## What is expected
In duplicating the lines below, keep every word unchanged and drop the pictures.

Records from a dataset:

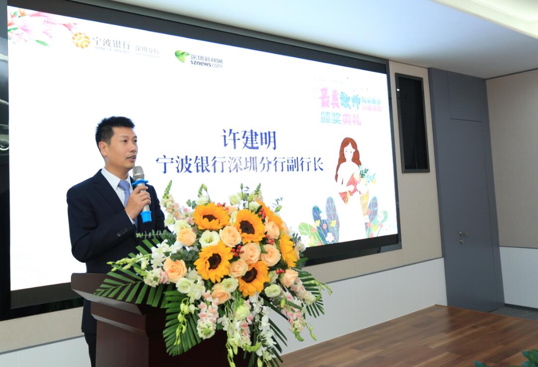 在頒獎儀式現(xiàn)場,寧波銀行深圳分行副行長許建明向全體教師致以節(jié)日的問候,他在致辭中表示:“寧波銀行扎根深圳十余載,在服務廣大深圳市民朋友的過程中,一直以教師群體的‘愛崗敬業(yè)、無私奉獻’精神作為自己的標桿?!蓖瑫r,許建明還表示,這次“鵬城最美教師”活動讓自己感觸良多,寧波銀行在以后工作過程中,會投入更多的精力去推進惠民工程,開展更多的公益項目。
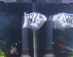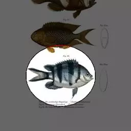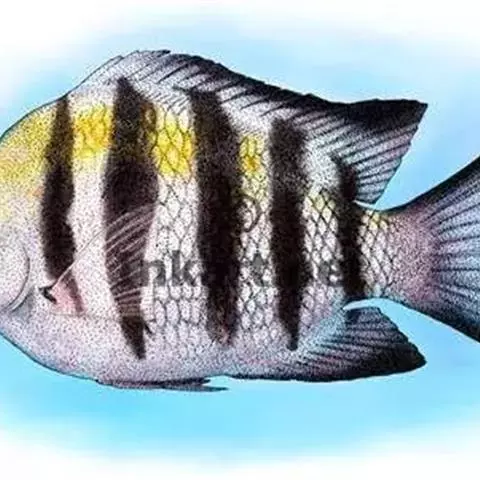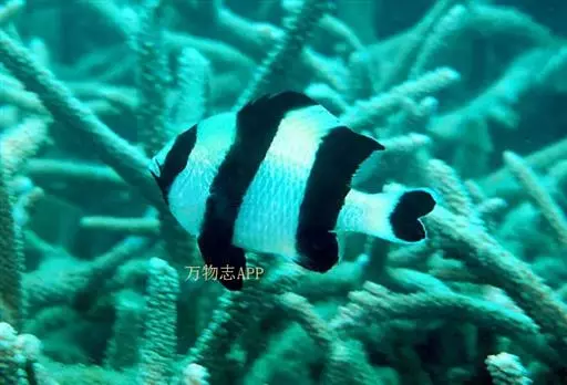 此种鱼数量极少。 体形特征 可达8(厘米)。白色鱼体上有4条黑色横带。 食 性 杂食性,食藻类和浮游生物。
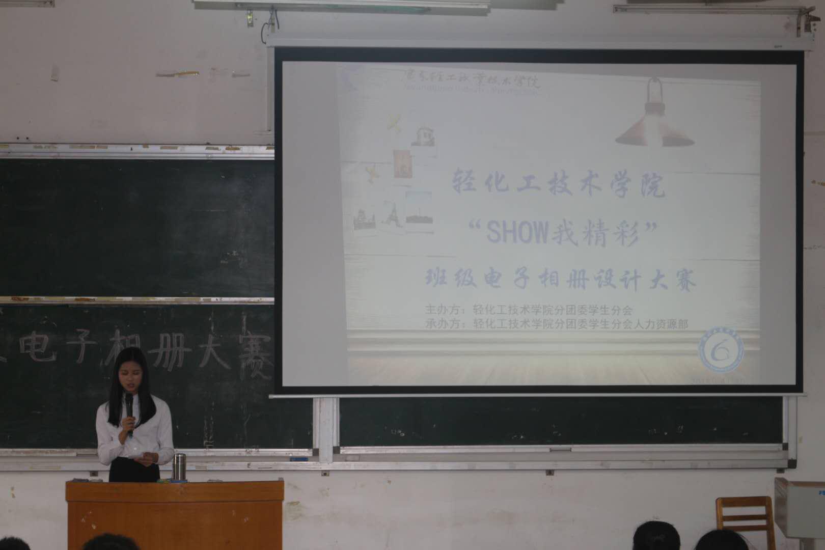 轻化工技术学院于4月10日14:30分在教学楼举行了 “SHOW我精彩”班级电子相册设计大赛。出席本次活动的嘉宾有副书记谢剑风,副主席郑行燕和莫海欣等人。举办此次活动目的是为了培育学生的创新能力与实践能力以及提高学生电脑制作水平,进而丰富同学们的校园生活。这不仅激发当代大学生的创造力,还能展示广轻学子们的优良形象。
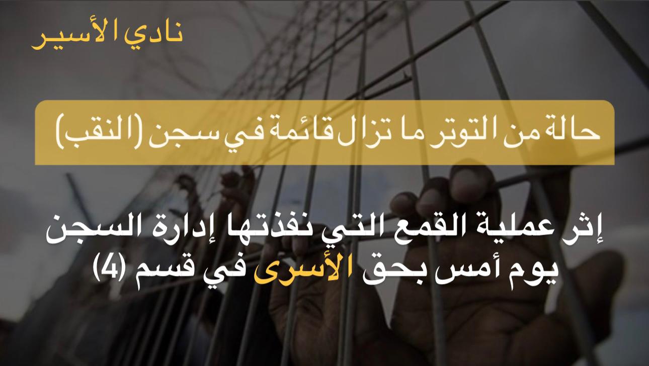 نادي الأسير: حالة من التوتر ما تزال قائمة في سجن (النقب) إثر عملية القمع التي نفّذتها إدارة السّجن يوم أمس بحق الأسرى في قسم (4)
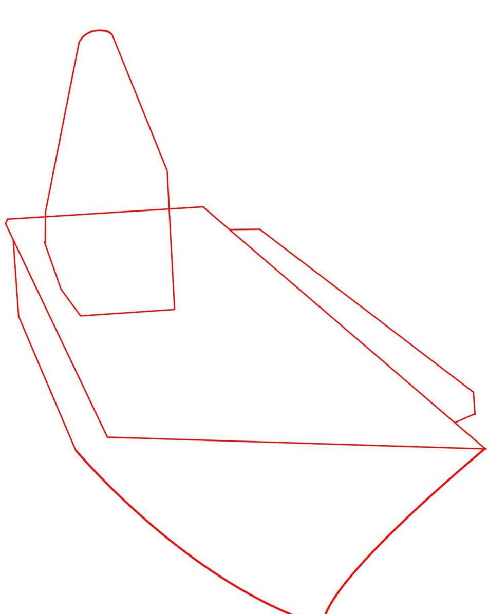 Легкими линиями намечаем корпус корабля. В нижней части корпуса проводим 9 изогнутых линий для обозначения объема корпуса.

## Reply to the exercise
 在頒獎儀式現(xiàn)場,寧波銀行深圳分行副行長許建明向全體教師致以節(jié)日的問候,他在致辭中表示:“寧波銀行扎根深圳十余載,在服務廣大深圳市民朋友的過程中,一直以教師群體的‘愛崗敬業(yè)、無私奉獻’精神作為自己的標桿?!蓖瑫r,許建明還表示,這次“鵬城最美教師”活動讓自己感觸良多,寧波銀行在以后工作過程中,會投入更多的精力去推進惠民工程,開展更多的公益項目。
 此种鱼数量极少。 体形特征 可达8(厘米)。白色鱼体上有4条黑色横带。 食 性 杂食性,食藻类和浮游生物。
 轻化工技术学院于4月10日14:30分在教学楼举行了 “SHOW我精彩”班级电子相册设计大赛。出席本次活动的嘉宾有副书记谢剑风,副主席郑行燕和莫海欣等人。举办此次活动目的是为了培育学生的创新能力与实践能力以及提高学生电脑制作水平,进而丰富同学们的校园生活。这不仅激发当代大学生的创造力,还能展示广轻学子们的优良形象。
 نادي الأسير: حالة من التوتر ما تزال قائمة في سجن (النقب) إثر عملية القمع التي نفّذتها إدارة السّجن يوم أمس بحق الأسرى في قسم (4)
 Легкими линиями намечаем корпус корабля. В нижней части корпуса проводим 9 изогнутых линий для обозначения объема корпуса.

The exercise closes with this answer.